### PROBLEM REQUIREMENTS
Please repeat the entries exactly as they appear and omit any images.

### PROVIDED MATERIAL
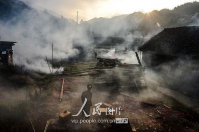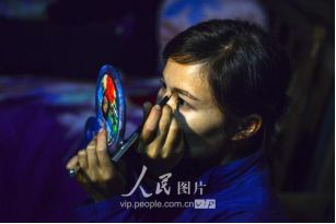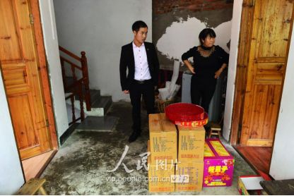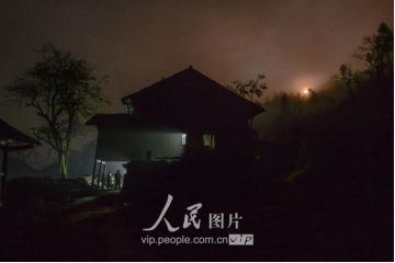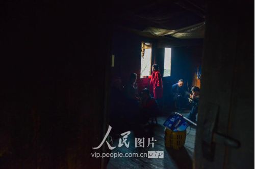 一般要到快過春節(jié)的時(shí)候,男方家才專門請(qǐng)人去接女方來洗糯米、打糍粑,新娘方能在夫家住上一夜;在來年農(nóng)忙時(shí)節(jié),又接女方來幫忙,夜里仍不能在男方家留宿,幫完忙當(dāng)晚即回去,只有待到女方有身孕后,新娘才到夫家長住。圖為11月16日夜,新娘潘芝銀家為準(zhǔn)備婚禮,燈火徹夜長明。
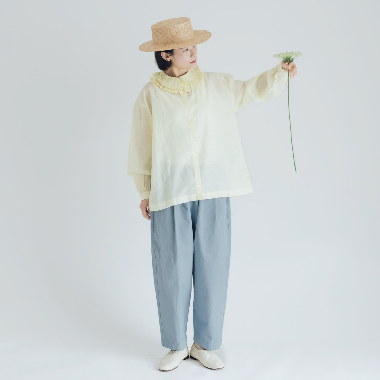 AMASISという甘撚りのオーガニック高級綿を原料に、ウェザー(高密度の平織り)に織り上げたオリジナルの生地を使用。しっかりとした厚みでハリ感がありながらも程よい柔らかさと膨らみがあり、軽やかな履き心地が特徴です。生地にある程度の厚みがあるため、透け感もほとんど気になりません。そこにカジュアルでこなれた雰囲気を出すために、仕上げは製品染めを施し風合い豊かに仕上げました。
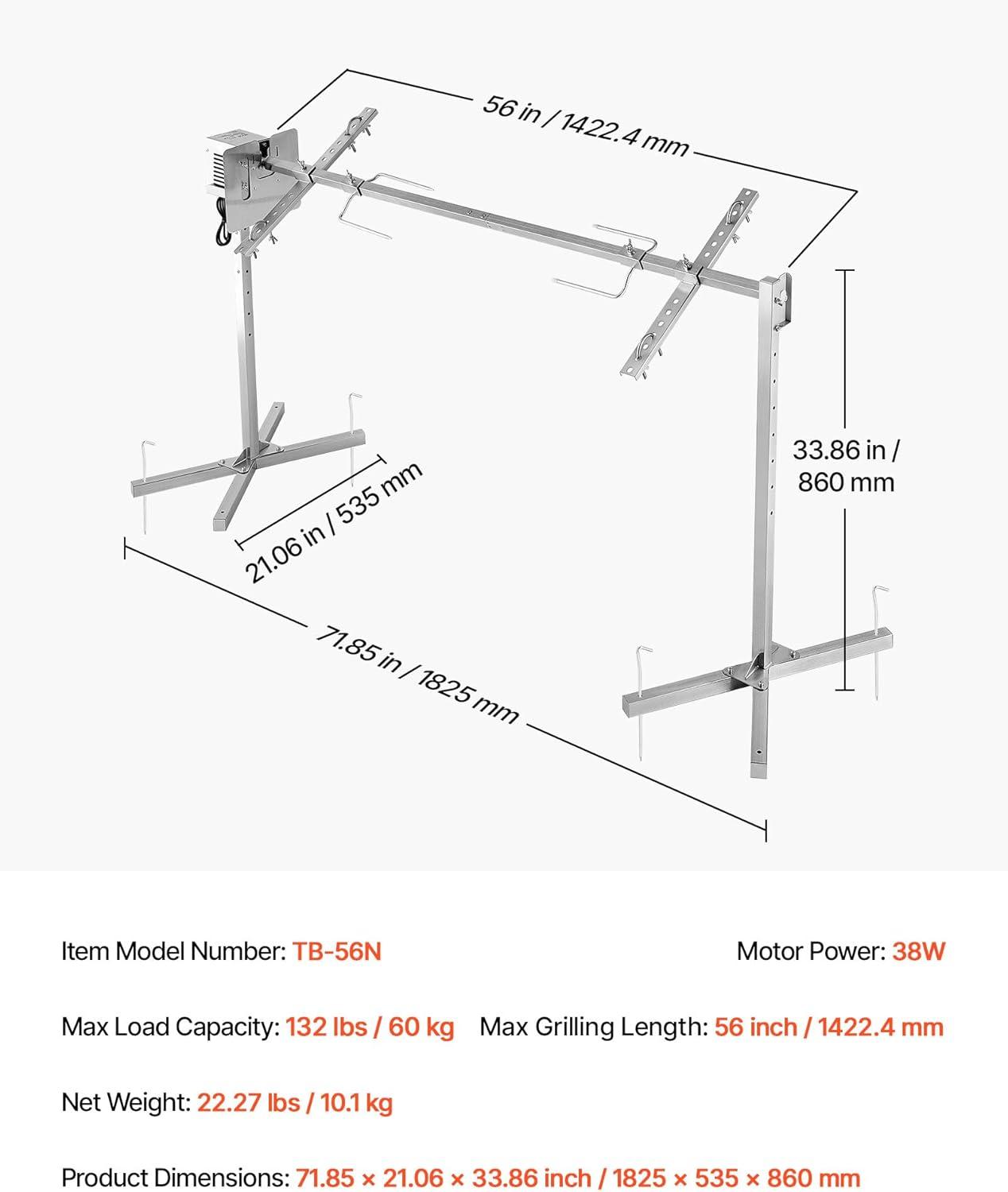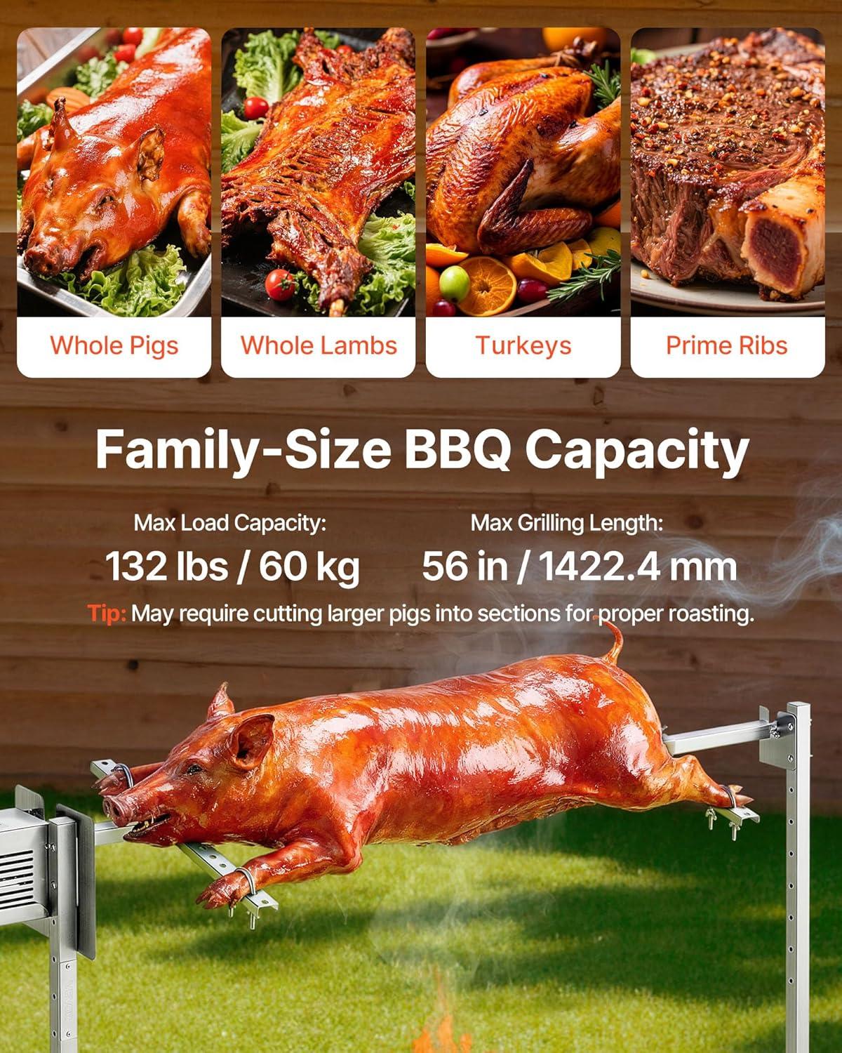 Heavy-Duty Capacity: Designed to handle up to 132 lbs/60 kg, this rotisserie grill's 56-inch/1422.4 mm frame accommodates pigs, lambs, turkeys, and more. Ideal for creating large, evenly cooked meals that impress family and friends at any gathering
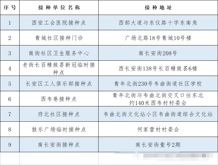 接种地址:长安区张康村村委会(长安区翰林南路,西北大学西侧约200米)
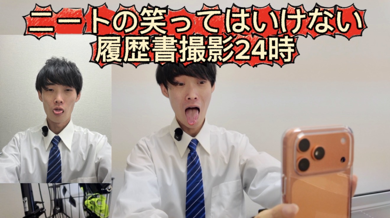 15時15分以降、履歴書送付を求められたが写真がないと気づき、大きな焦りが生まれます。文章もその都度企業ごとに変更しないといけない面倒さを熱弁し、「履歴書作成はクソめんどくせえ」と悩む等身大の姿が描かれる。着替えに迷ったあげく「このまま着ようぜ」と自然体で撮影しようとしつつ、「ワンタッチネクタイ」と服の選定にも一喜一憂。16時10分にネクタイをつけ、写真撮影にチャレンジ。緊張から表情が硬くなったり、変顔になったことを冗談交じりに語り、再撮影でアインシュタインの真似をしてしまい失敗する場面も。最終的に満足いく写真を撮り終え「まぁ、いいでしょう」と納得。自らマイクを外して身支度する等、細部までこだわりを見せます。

### ANSWER BELOW
 一般要到快過春節(jié)的時(shí)候,男方家才專門請(qǐng)人去接女方來洗糯米、打糍粑,新娘方能在夫家住上一夜;在來年農(nóng)忙時(shí)節(jié),又接女方來幫忙,夜里仍不能在男方家留宿,幫完忙當(dāng)晚即回去,只有待到女方有身孕后,新娘才到夫家長住。圖為11月16日夜,新娘潘芝銀家為準(zhǔn)備婚禮,燈火徹夜長明。
 AMASISという甘撚りのオーガニック高級綿を原料に、ウェザー(高密度の平織り)に織り上げたオリジナルの生地を使用。しっかりとした厚みでハリ感がありながらも程よい柔らかさと膨らみがあり、軽やかな履き心地が特徴です。生地にある程度の厚みがあるため、透け感もほとんど気になりません。そこにカジュアルでこなれた雰囲気を出すために、仕上げは製品染めを施し風合い豊かに仕上げました。
 Heavy-Duty Capacity: Designed to handle up to 132 lbs/60 kg, this rotisserie grill's 56-inch/1422.4 mm frame accommodates pigs, lambs, turkeys, and more. Ideal for creating large, evenly cooked meals that impress family and friends at any gathering
 接种地址:长安区张康村村委会(长安区翰林南路,西北大学西侧约200米)
 15時15分以降、履歴書送付を求められたが写真がないと気づき、大きな焦りが生まれます。文章もその都度企業ごとに変更しないといけない面倒さを熱弁し、「履歴書作成はクソめんどくせえ」と悩む等身大の姿が描かれる。着替えに迷ったあげく「このまま着ようぜ」と自然体で撮影しようとしつつ、「ワンタッチネクタイ」と服の選定にも一喜一憂。16時10分にネクタイをつけ、写真撮影にチャレンジ。緊張から表情が硬くなったり、変顔になったことを冗談交じりに語り、再撮影でアインシュタインの真似をしてしまい失敗する場面も。最終的に満足いく写真を撮り終え「まぁ、いいでしょう」と納得。自らマイクを外して身支度する等、細部までこだわりを見せます。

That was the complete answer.